Each line from the one bearing "- Đổi mode (chế" through the last line of the entries below should be returned exactly, with pictures left out.
---------- GIVEN INFORMATION
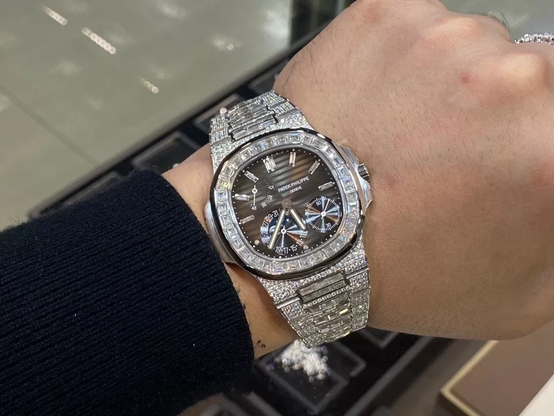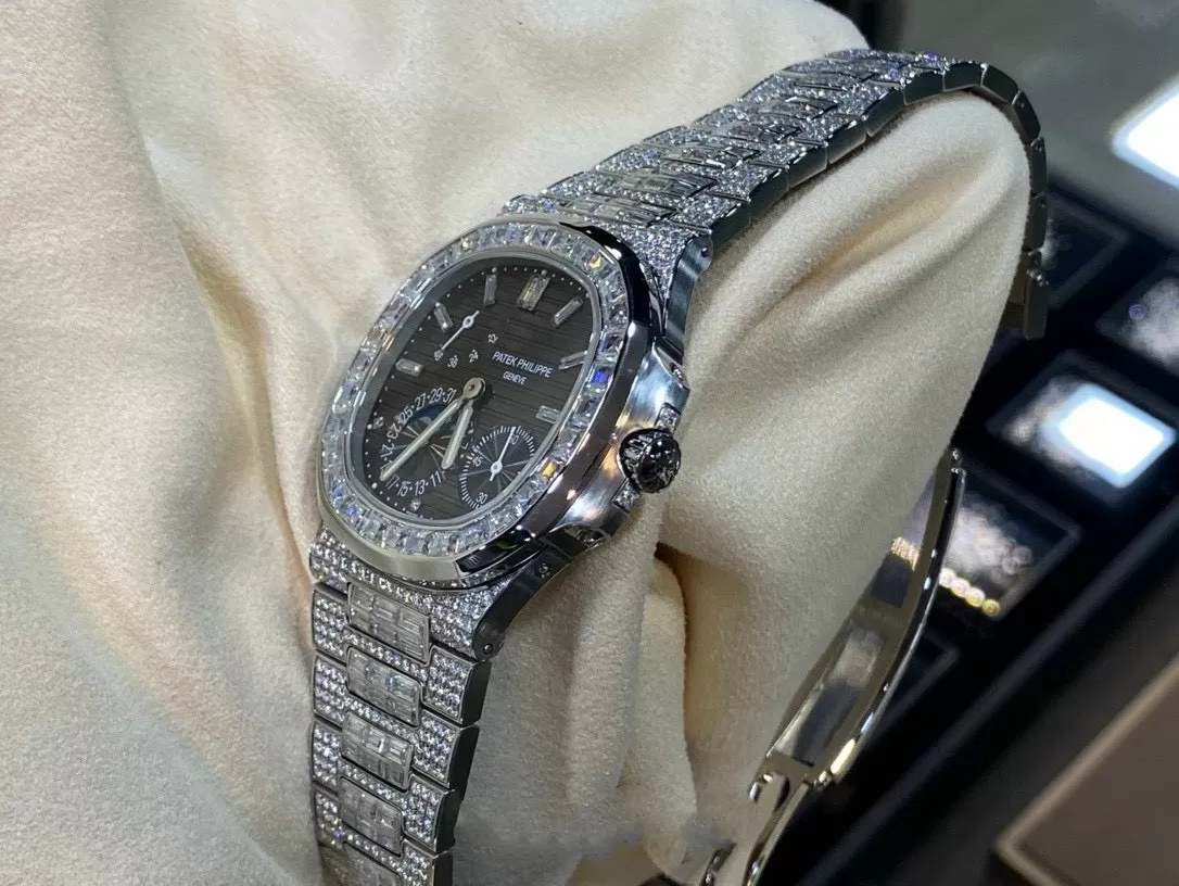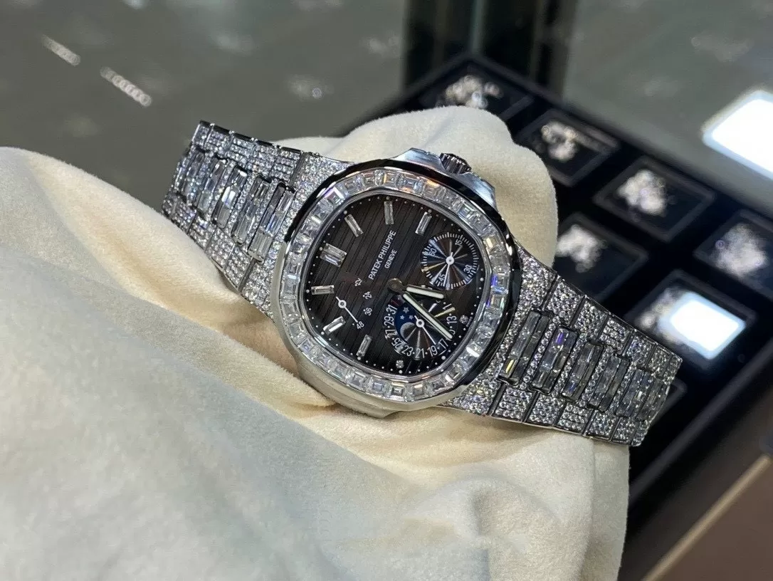 Đồng Hồ Patek Philippe Nautilus 5724 Full Kim Cương Moissanite Super Fake
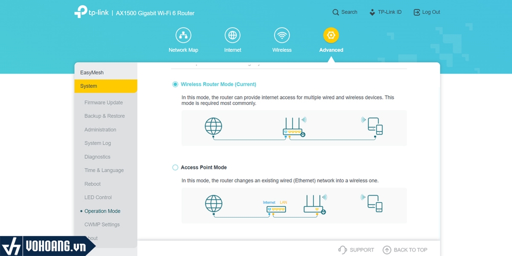 - Đổi mode (chế độ hoạt động): Ngoài chế độ làm Wireless Router bạn có thể tùy chọn qua chế độ Access Point (điểm truy cập) trong trường hợp cần thiết
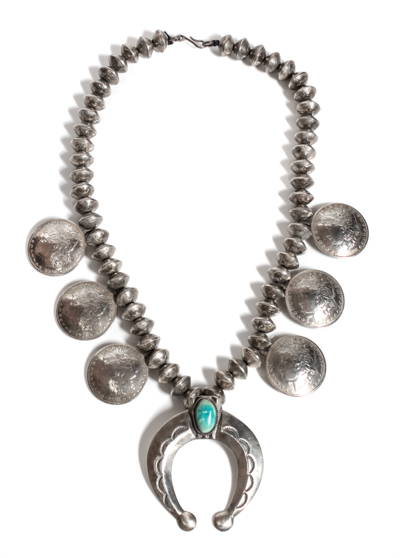 Southwestern Silver, Liberty Coin and Turquoise Squash Blossom
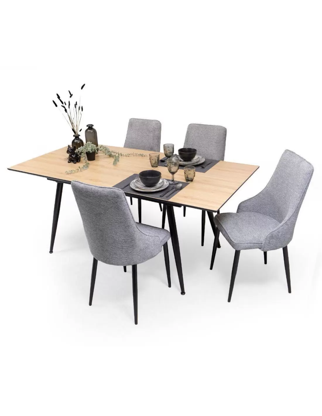 Conjunto de Comedor Extensible KATIA/LUNA con Tapa Cerámica Mármol Blanco + 4 Sillas...
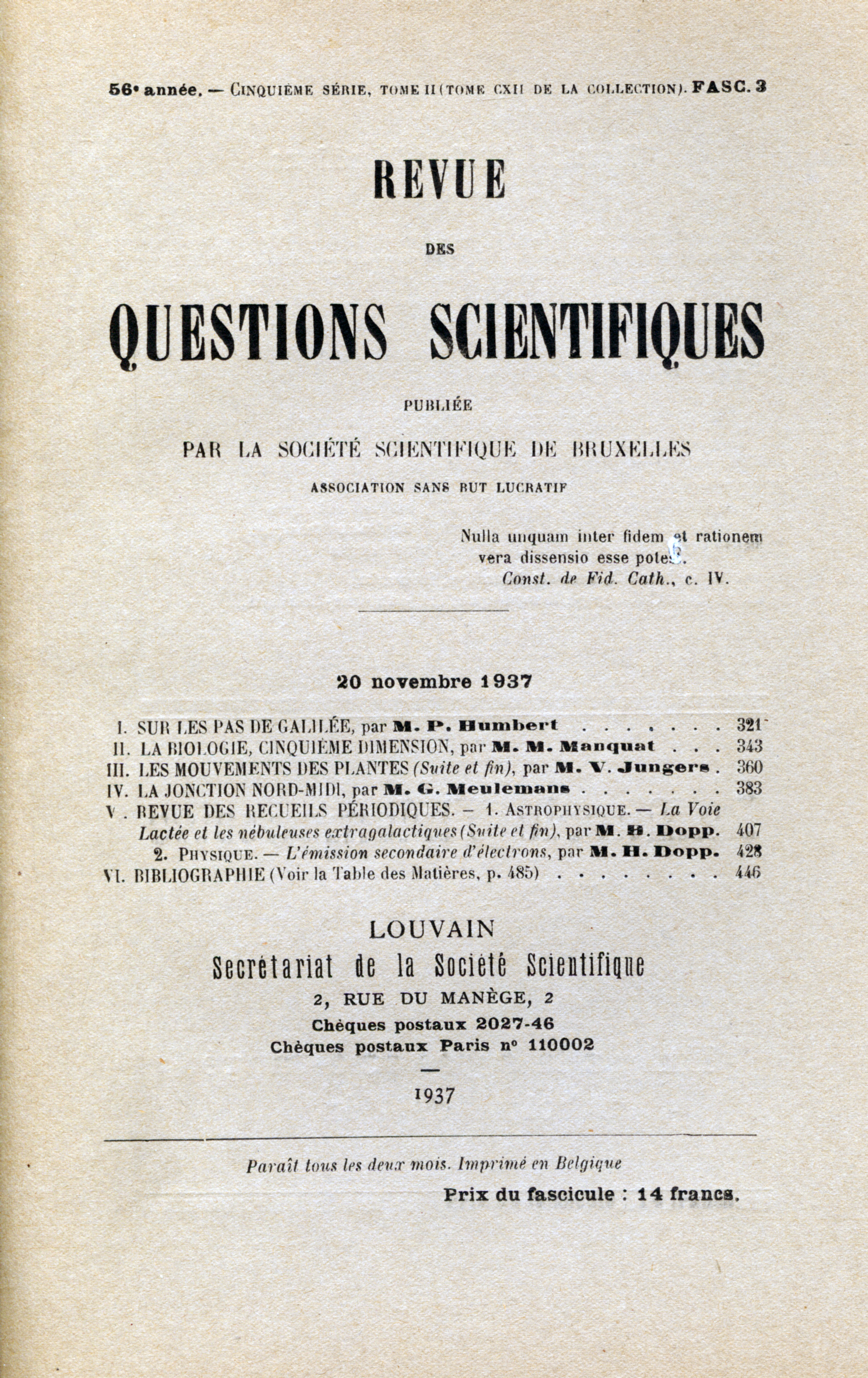 Catégorie: Revue des Questions Scientifiques
--------------------
- THE COMPLETED TASK -
 - Đổi mode (chế độ hoạt động): Ngoài chế độ làm Wireless Router bạn có thể tùy chọn qua chế độ Access Point (điểm truy cập) trong trường hợp cần thiết
 Southwestern Silver, Liberty Coin and Turquoise Squash Blossom
 Conjunto de Comedor Extensible KATIA/LUNA con Tapa Cerámica Mármol Blanco + 4 Sillas...
 Catégorie: Revue des Questions Scientifiques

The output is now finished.